Friendships are our back bone. Just this past weekend, my girlfriend was out running errands and twisted her ankle and fell in the store. She could barely walk on her ankle and was in extreme pain. All weekend, our close friends took care of her, helped drive her to work and ensure she had bandages, crutches, etc. (she couldn’t drive and operate her clutch, at all). Think about what life is without friends? Hard. Sad. Empty.

In my experience (and because people KEEP searching for this and I’m really not into getting all preachy on my soapbox), here’s how I’ve been able to make some friends when in a new place:

  • What’s your passion or hobby? Find a group, club or organization that does just that and join it. No questions. You already know you enjoy soccer, so find an indoor/outdoor soccer league and sign up. What about knitting? Find a store that sells yarn, they can put you in the direction of classes or fellow knitters. Play an instrument? Find a group that jams together and bring your instrument to play along (hint: look up open mic’s, local pubs, live music joints, etc. for inspiration). Kickball? Even if you’re not athletic, these leagues are fun, usually involve more beer than kicking and it’s very social. Try: http://www.kickball.com/ actually lets you find kickball leagues by your zip code.
  • www.meetup.com. This is related to above (helps you find those groups) but sometimes it’s unrelated to a hobby, maybe it’s just a group of 20-something transplants who get together once a week for trivia night at a local pub. My friend moved here and to make friends, found a snowboard group, joined it, then met his core group of friends, plus gets hooked up with fun mountain deals and goes in on condo’s for the weekend.
  • Volunteer. Besides being good for the community and ______ cause you’re supporting, you can generally connect with community evangelists and those that are interested in your _____ cause while volunteering. It’s analogous and I call it, the gift that keeps on giving. My first year in Boulder I volunteered with Ladies Who Launch (met many professional contacts and now friends) and Colorado Horse Rescue (this spoke to my passion and I interacted with other horse lovers). Try: http://www.volunteermatch.org/ or http://www.serve.gov/ to find volunteer opportunities in your area.
  • Join a book club. Again, this is a club but a very specific one. Guaranteed, if you live in a city or town there’s a group that gets together. If reading is your thing, get involved. To navigate and find book clubs in your area try: http://www.readerscircle.org/.
  • Get a dog. Sounds funny, and please don’t do this just so you can make friends, but if you have one, let’s consider this. Dog parks are chalk full of dog lovers and owners. This is a great time to connect, say hello and let your dog romp around and make his/her own friends. Usually, you will start to see the same people (when you go at the same time) and you connect, over your dog and your love for dogs.
  • Connect with your Alumni Association. When I spontaneously decided I was moving to Boulder, I got in touch of my career advisor from college and asked her to put me in touch with my Alumni office. They happily pulled all the Alum living in Boulder and I got in touch. I was surprised to realize how many people were out here and inversely, I have been a resource for Alum looking to move to Boulder, so I’m happy to help.

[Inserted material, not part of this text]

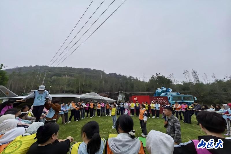 聚焦团队协作能力培育,营地开营仪式后,“有品质的活动” 有序展开。“动力圈” 活动中,新生围成圆圈整齐发力摇动绳索,形成稳定绳圈后,同学可在绳圈上行走,在协作中强化凝聚力与信任感;“桃花朵朵开” 游戏环节,根据指令快速组队、互动配合,在轻松氛围中提升应变能力与团队协作意识。活动间隙,组织者详细解读团建流程设计思路与贾家庄研学路线价值,帮助全体新生明晰活动育人目标,推动实践体验向思想认知转化。

This last point is general, but a good rule of thumb.

  • Be open and say “yes”. Consider yourself a joiner when you move somewhere new. You’re open to new opportunities and when presented with an event, get together, etc. just say yes, it can’t hurt. You never know who you might meet or how much you enjoy it. My roommate recently moved here and she only knew me in Boulder (hint: live with roommates, great way to meet friends) and we both laugh that even when she doesn’t want to necessarily go out, she feels inclined to try it and see what’s in store. This has garnered meeting new people, new experiences and acclimating to Boulder.

Bottom line, you can’t force friendships. They do not pop out of nowhere and often, take time. The key to these suggestions is that you’re at least out there. I also found that patience is a blessing. Friendships or groups of friends do not appear in 1-3 months, give this time and try out what works for you. Be open to change – I have many friends I met my first year here, through these points, who I am not friends with now. That’s okay, we change, evolve and eventually find our niche, our pack, our own community.

How have you found friends (post-college)?

Related Posts with Thumbnails
  • http://www.lauriesteiner.com Laurie Steiner

    This is totally spot-on, Grace. Being in a new place can be a challenge–a hugely overwhelming and scary experience for someone who doesn't know where to start. Great pointers and resources! Thanks for sharing.

  • http://twitter.com/JeremyOrr Jeremy Orr

    Great post, Grace. I always hear people complain about it being hard to make friends when you move somewhere new. Um, hello, this is the San Francisco Bay Area, there are so many things to do you almost have to try to not meet people! I grew up here (for the most part) and still look for opportunities to meet new friends. I am a member of a bay area hiking group, play soccer on coed and mens teams, and have been a volunteer for 13 years with my favorite cause. You are so right, all people have to do is find an interest and then put in a little research. All the time people show up at my Dad's yacht club on Wednesday nights looking to go sailing; they learned that that's the night that all the boats go out for beer can races. Just put in a little effort and you'll be making friends in no time.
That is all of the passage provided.